_Work instruction:_
Produce the lines from the one containing "EAM是面向资产密集型企业的" through the end of the material exactly as they appear, both ends included, and leave the pictures out.

### Supplied information

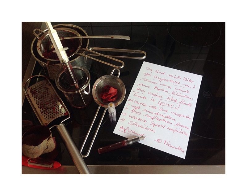 Da musste ich doch mal eben meine Rote Bete aus dem Kühlschrank holen und dieses Mal den Saft pur als Tinte nutzen. Meine letzte Rotebetetinte bestand ja aus dem gefärbten Wasserdampfsaft der Knollenscheiben.
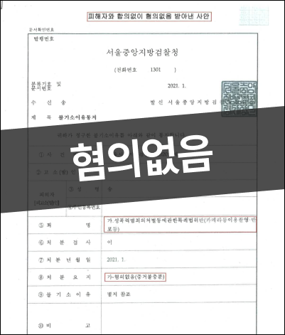 덕분에 법무법인 이든을 통해 증거가 불충분함을 충분히 피력하여 결과는 증거불충분으로 인한 혐의없음으로 정해졌습니다.
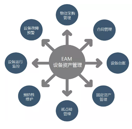 EAM是面向资产密集型企业的信息化管理系统,是资产密集型企业必备的降低成本、提高利润的战略管理工具。EAM从CMMS(计算机辅助维护管理系统)发展而来,CMMS系统的着眼点是维修,EAM的着眼点更高,是资产的全面管理。EAM以企业资产及维修管理为核心,提高资产可利用率,降低企业运行维护成本,减少停机时间,提升企业竞争力。
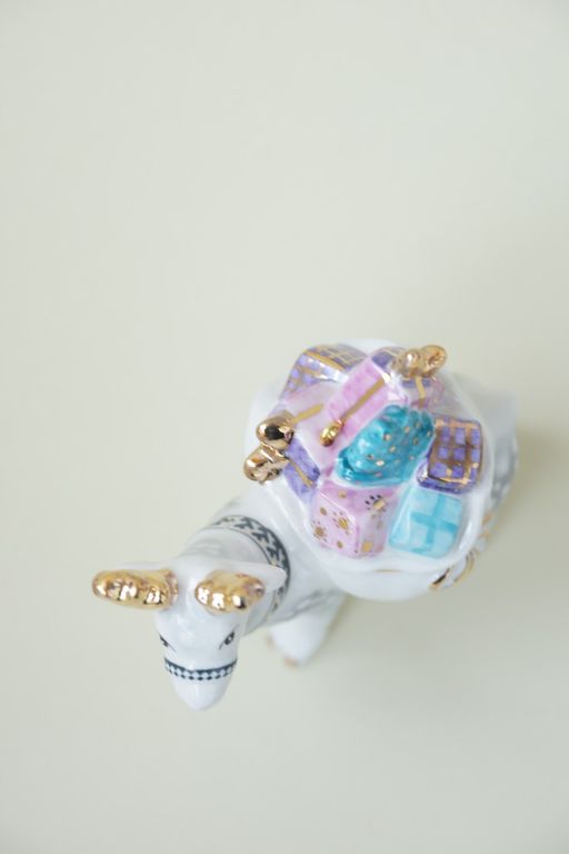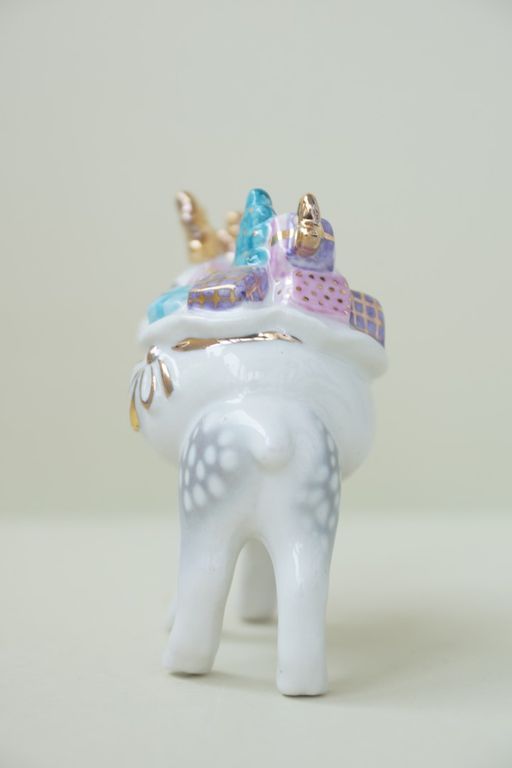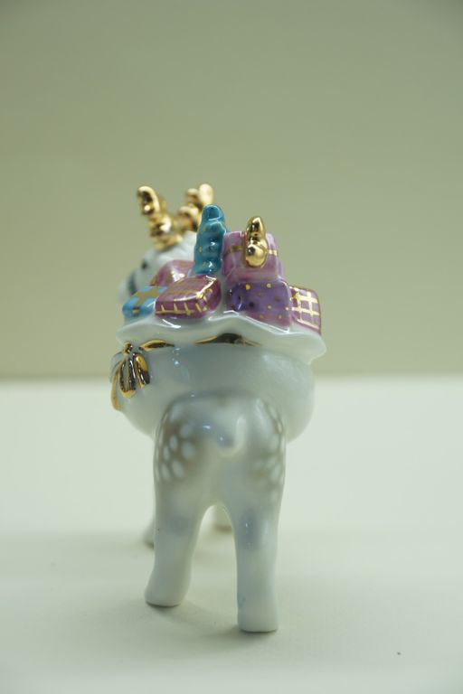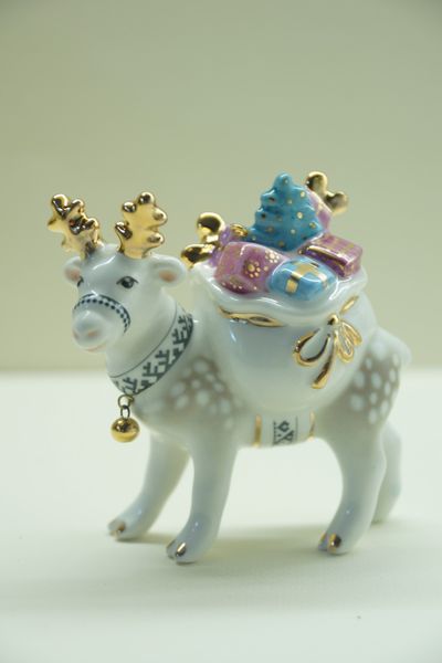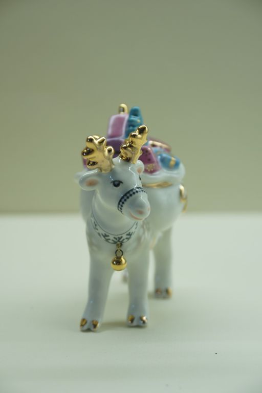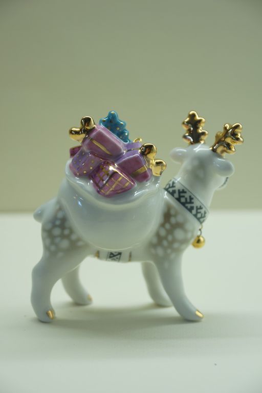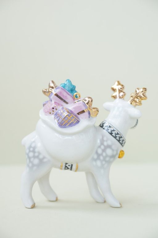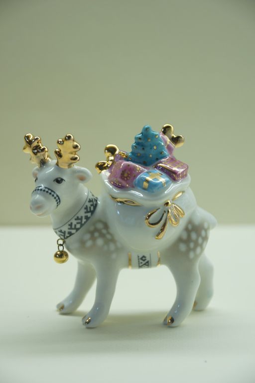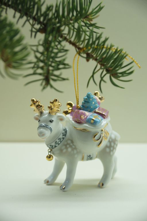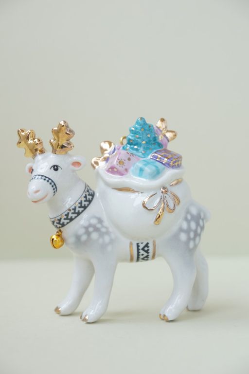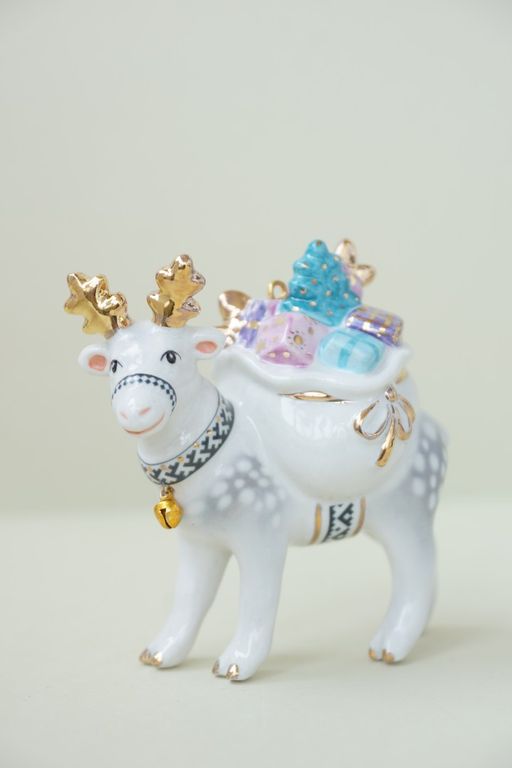 Олень с мешком - яркая фарфоровая ёлочная игрушка.

######

_Response box:_
 EAM是面向资产密集型企业的信息化管理系统,是资产密集型企业必备的降低成本、提高利润的战略管理工具。EAM从CMMS(计算机辅助维护管理系统)发展而来,CMMS系统的着眼点是维修,EAM的着眼点更高,是资产的全面管理。EAM以企业资产及维修管理为核心,提高资产可利用率,降低企业运行维护成本,减少停机时间,提升企业竞争力。
 Олень с мешком - яркая фарфоровая ёлочная игрушка.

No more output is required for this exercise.